Required work: Please, could you print all the lines below exactly, leaving out the pictures?
========================================================================
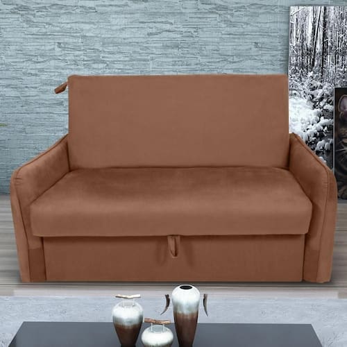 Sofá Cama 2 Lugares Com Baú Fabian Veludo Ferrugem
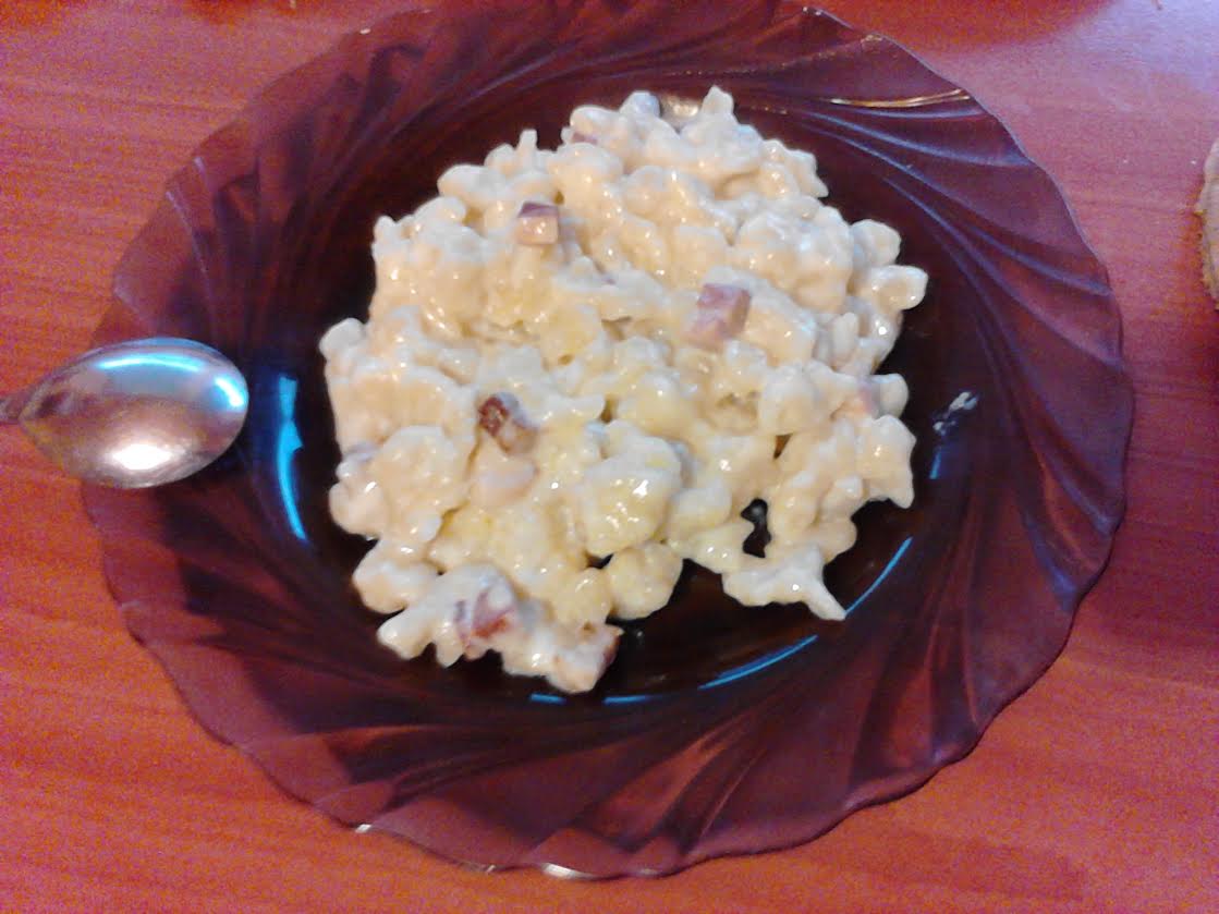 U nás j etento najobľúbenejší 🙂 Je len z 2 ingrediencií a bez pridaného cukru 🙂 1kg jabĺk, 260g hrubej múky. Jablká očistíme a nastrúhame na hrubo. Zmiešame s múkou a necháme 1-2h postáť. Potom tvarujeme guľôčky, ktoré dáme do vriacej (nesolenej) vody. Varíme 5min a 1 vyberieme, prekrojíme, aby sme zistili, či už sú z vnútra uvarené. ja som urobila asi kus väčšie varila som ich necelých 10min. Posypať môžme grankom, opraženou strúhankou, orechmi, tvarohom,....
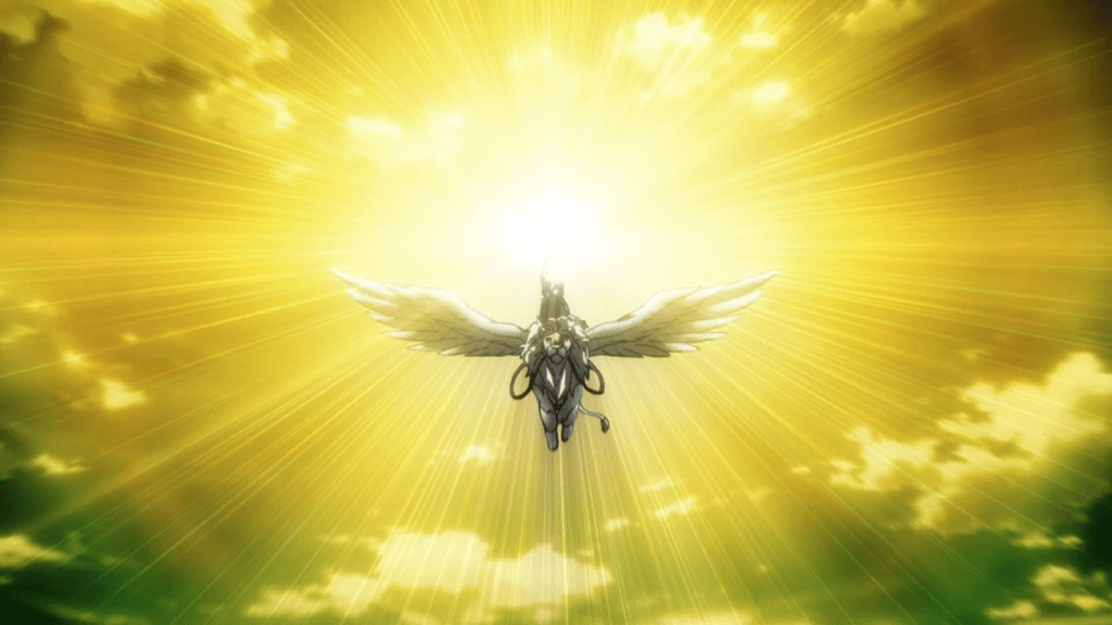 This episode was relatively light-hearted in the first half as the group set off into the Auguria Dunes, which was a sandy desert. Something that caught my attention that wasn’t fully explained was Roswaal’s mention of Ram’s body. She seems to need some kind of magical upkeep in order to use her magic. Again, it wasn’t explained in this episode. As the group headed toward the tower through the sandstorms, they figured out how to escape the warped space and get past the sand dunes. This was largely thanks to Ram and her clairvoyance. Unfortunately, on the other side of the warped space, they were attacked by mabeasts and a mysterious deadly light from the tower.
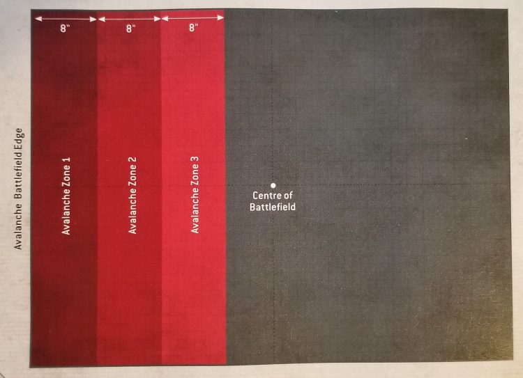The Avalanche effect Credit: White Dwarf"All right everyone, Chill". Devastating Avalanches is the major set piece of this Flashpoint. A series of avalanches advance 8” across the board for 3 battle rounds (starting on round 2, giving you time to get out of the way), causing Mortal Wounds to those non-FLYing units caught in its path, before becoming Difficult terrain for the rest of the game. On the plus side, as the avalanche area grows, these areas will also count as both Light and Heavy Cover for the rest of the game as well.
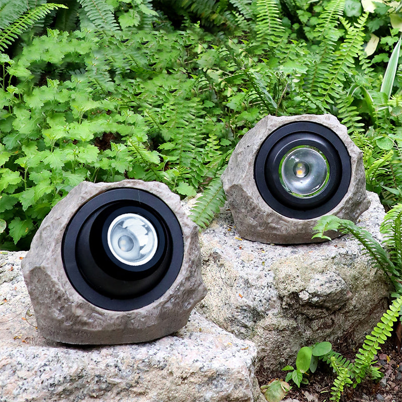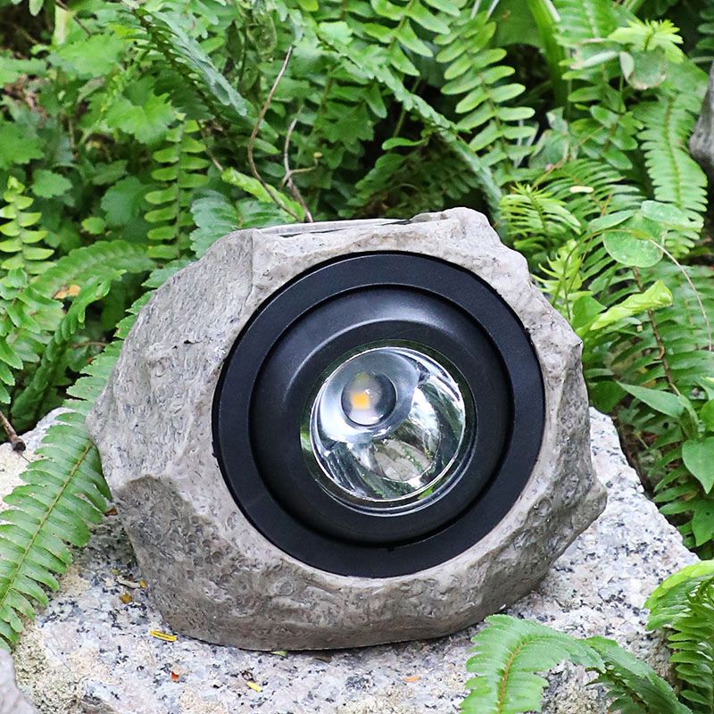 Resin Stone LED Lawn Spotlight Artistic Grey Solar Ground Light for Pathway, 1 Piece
========================================================================
Result below:
 Sofá Cama 2 Lugares Com Baú Fabian Veludo Ferrugem
 U nás j etento najobľúbenejší 🙂 Je len z 2 ingrediencií a bez pridaného cukru 🙂 1kg jabĺk, 260g hrubej múky. Jablká očistíme a nastrúhame na hrubo. Zmiešame s múkou a necháme 1-2h postáť. Potom tvarujeme guľôčky, ktoré dáme do vriacej (nesolenej) vody. Varíme 5min a 1 vyberieme, prekrojíme, aby sme zistili, či už sú z vnútra uvarené. ja som urobila asi kus väčšie varila som ich necelých 10min. Posypať môžme grankom, opraženou strúhankou, orechmi, tvarohom,....
 This episode was relatively light-hearted in the first half as the group set off into the Auguria Dunes, which was a sandy desert. Something that caught my attention that wasn’t fully explained was Roswaal’s mention of Ram’s body. She seems to need some kind of magical upkeep in order to use her magic. Again, it wasn’t explained in this episode. As the group headed toward the tower through the sandstorms, they figured out how to escape the warped space and get past the sand dunes. This was largely thanks to Ram and her clairvoyance. Unfortunately, on the other side of the warped space, they were attacked by mabeasts and a mysterious deadly light from the tower.
The Avalanche effect Credit: White Dwarf"All right everyone, Chill". Devastating Avalanches is the major set piece of this Flashpoint. A series of avalanches advance 8” across the board for 3 battle rounds (starting on round 2, giving you time to get out of the way), causing Mortal Wounds to those non-FLYing units caught in its path, before becoming Difficult terrain for the rest of the game. On the plus side, as the avalanche area grows, these areas will also count as both Light and Heavy Cover for the rest of the game as well.
 Resin Stone LED Lawn Spotlight Artistic Grey Solar Ground Light for Pathway, 1 Piece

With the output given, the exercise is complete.